University of Pune 2011-1st Sem B.Sc.(Hospitality Studies) ; : BSc(Hospitality Studies) - ; Title of the : Basic Food Production (New 2008 Pattern) - Question Paper
B. Sc. (Hospitality Studies) (Semester - I) exam - 2011
BASIC FOOD PRODUCTION (New 2008 Pattern)
Time : two Hours
Max. Marks : 40
Total No. of Questions : 5] [Total No. of Printed Pages : 2
[3982]-101
B. Sc. (Hospitality Studies) (Semester - I) Examination - 2011
BASIC FOOD PRODUCTION
(New 2008 Pattern)
Time : 2 Hours] [Max. Marks : 40
Instructions :
(1) Solve any four questions.
(2) All questions carry equal marks.
Q.1) (A) List and explain any four mixing methods of Food in Kitchen. [06]
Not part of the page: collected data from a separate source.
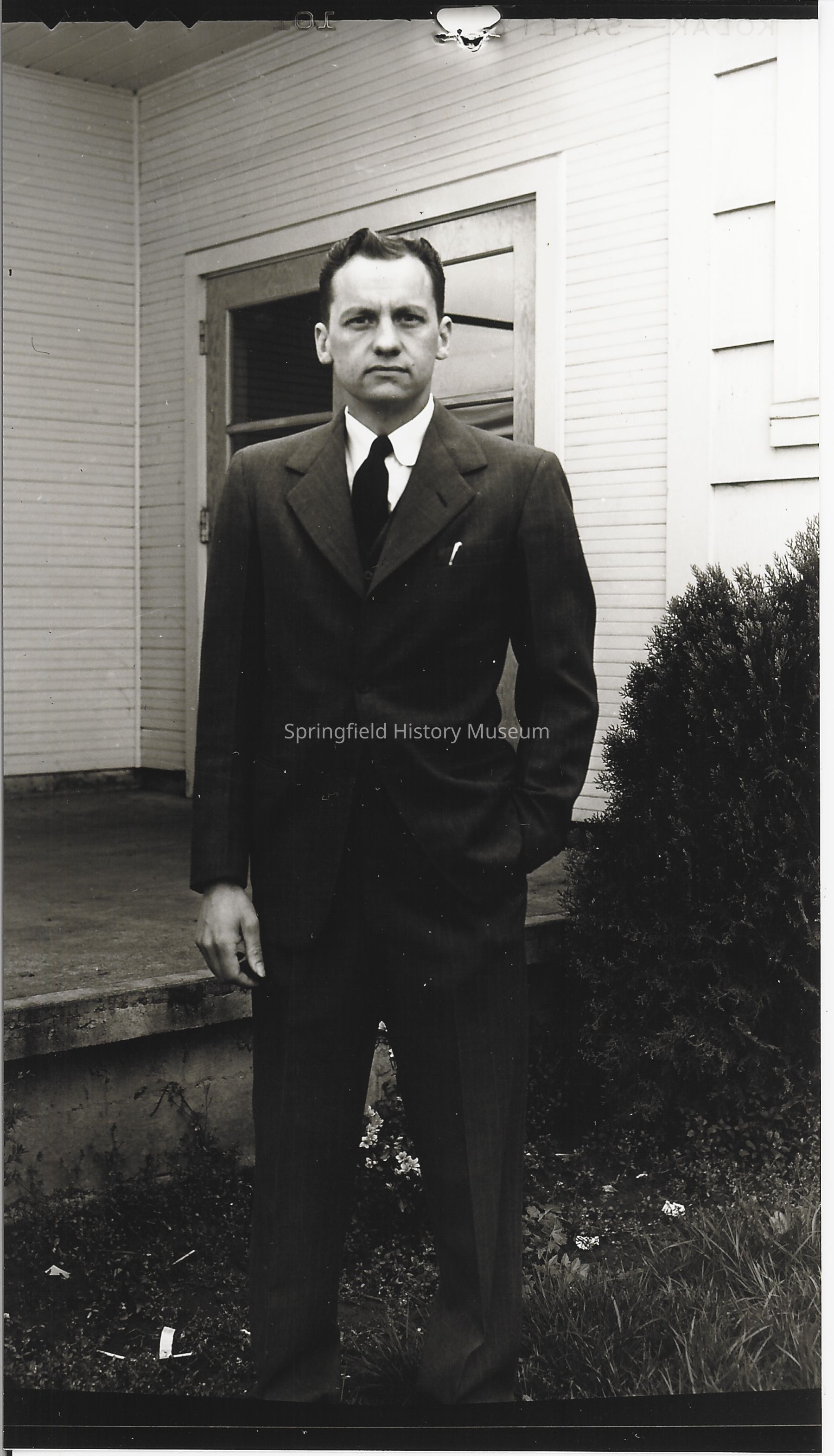 Springfield High Track Coach Kernel Buhler, posing outside, in a black suit and tie. 1940s
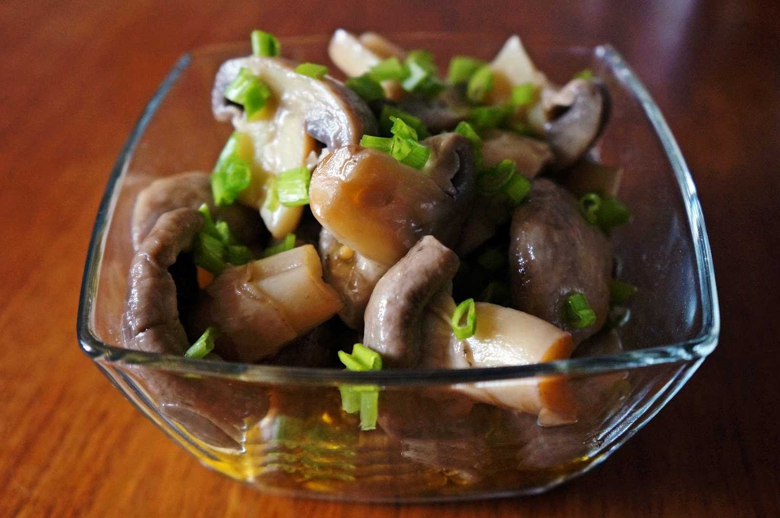 Самый простой и быстрый салат из самих же грибов — слить маринад, добавить растительное масло, лук, чеснок и каплю уксуса.
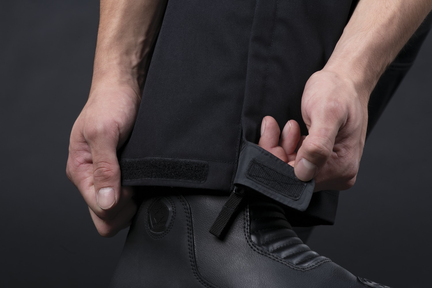Promyšlené konce nohavic s kompresními a nastavitelnými manžetami pro možnost umístění bot přes nebo pod nohavice.
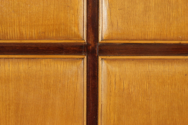 Cabinet mobile ; placage en bois acajou et érable. Bon état, montre peu de signes d’usure.
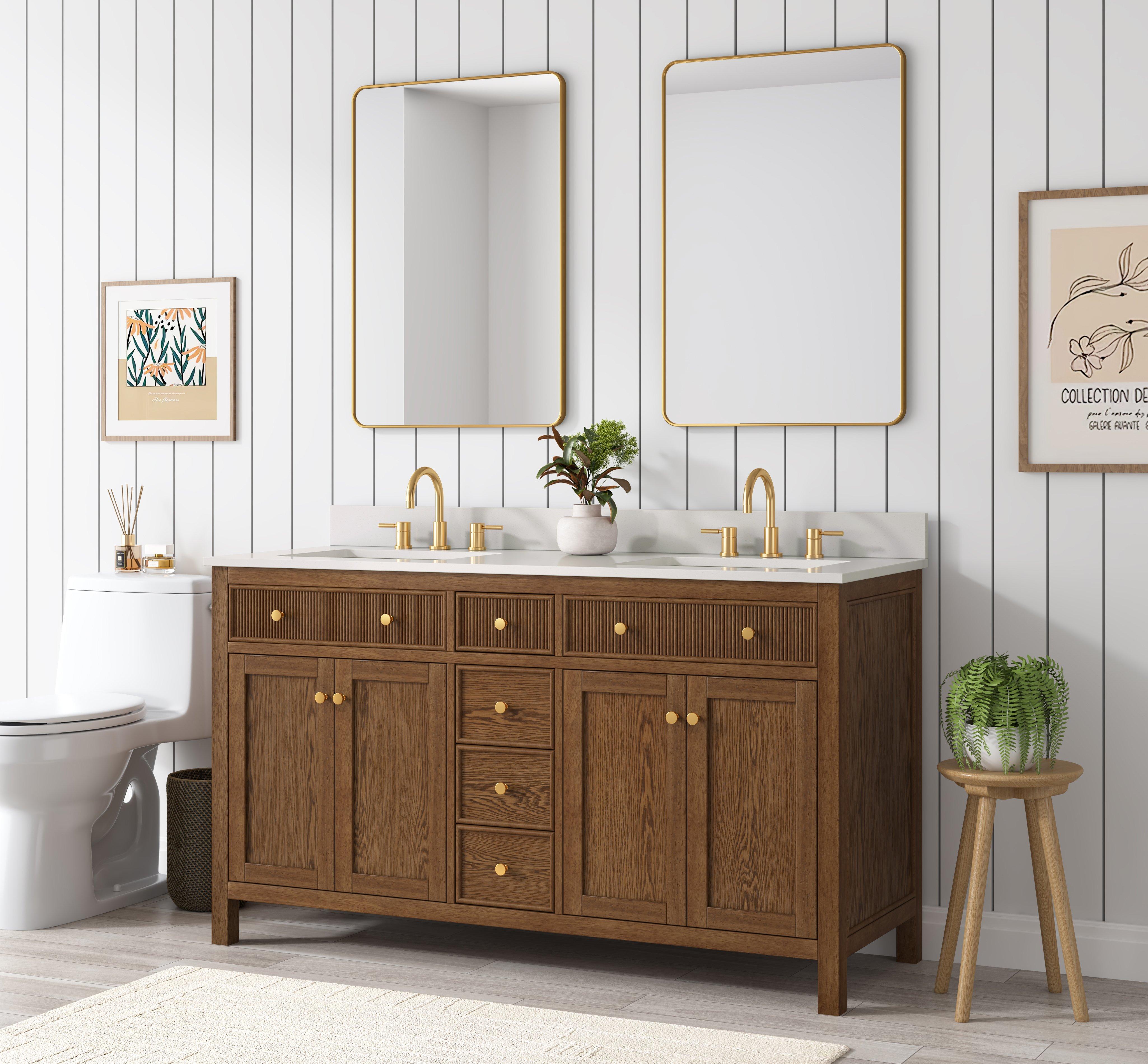Tailor the look of your bathroom with the Dylan 61 in. Cinnamon Vanity with Quartz Top featuring gorgeous mdf in brown with 4 doors, 6 drawers, and 2 shelves. This piece is completed with beautiful matte gold hardware and a double undermount white sink. The Dylan 61 in. Cinnamon Vanity with Quartz Top is a stunning addition to any bathroom setting.

(B) Write duties and responsibilities of Sous Chef of a Five Star Organisation. [04]
Q.2) (A) Explain the following terms : (Any Five) [05]
(a) Washing
(b) Juliennes
(c) Grating
(d) Marination
(e) Stirring
(f) Sprouting
(g) Paring
(h) Rubbing In
(B) List any ten small equipments used in Catering Establishments with their uses. [05]
Q.3) (A) Explain importance of Hygiene in Kitchen. [04]
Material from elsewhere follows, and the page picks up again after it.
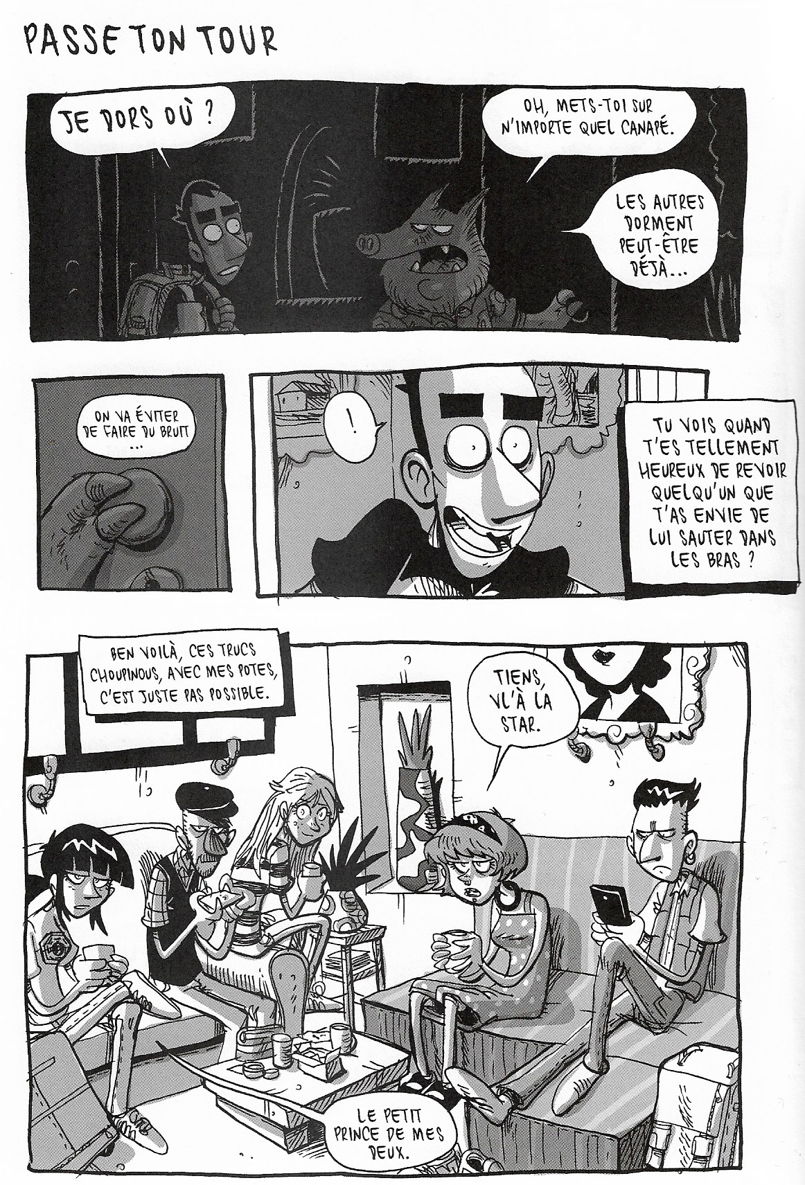 Résumé : Dans ce premier volet d’{Au-delà des décombres}, Zerocalcare explicite les conséquences de son succès éditorial. Dans le train qui l’amène au mariage de Sanglier, il est assailli de messages et de coups de fils qui l’invitent à se rendre à tel micro-événement, à soutenir telle manifestation alternative, à participer à tel débat, etc. Cette situation angoisse profondément Zerocalcare, qui ne dit jamais non, par crainte de décevoir. Les retrouvailles avec sa bande au mariage de son ami sont l’occasion pour l’auteur de peindre la situation délicate de trentenaires italiens englués dans les difficultés économiques et à ce titre incapables de se projeter vers l’avenir. Porté par un profond sentiment de culpabilité, Zerocalcare se laisse entraîner dans un projet éducatif avec ses amis censés leur apporter des subventions de l’État italien…

(B) What is Hydrogenation of Fat ? List and explain different types of Fats. [04]
(C) Differentiate between Herbs and Spices. [02]
Q.4) (A) Draw a neat labelled structure of Egg. [04]
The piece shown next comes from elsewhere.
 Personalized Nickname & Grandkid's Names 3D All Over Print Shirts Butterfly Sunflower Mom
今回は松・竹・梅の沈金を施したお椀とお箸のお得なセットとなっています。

(B) Explain action of heat on the following : [04]
(a) Flavone
(b) Carotenoid
(c) Chlorophyll
(d) Anthrocyanin
(C) Give four functions of Sugar. [02]
Q.5) (A) List any four types of Accidents. [02]
(B) What are various methods of Heat Transfer ? [02]
(C) What points you will consider while storing Cereals and Pulses ? [02]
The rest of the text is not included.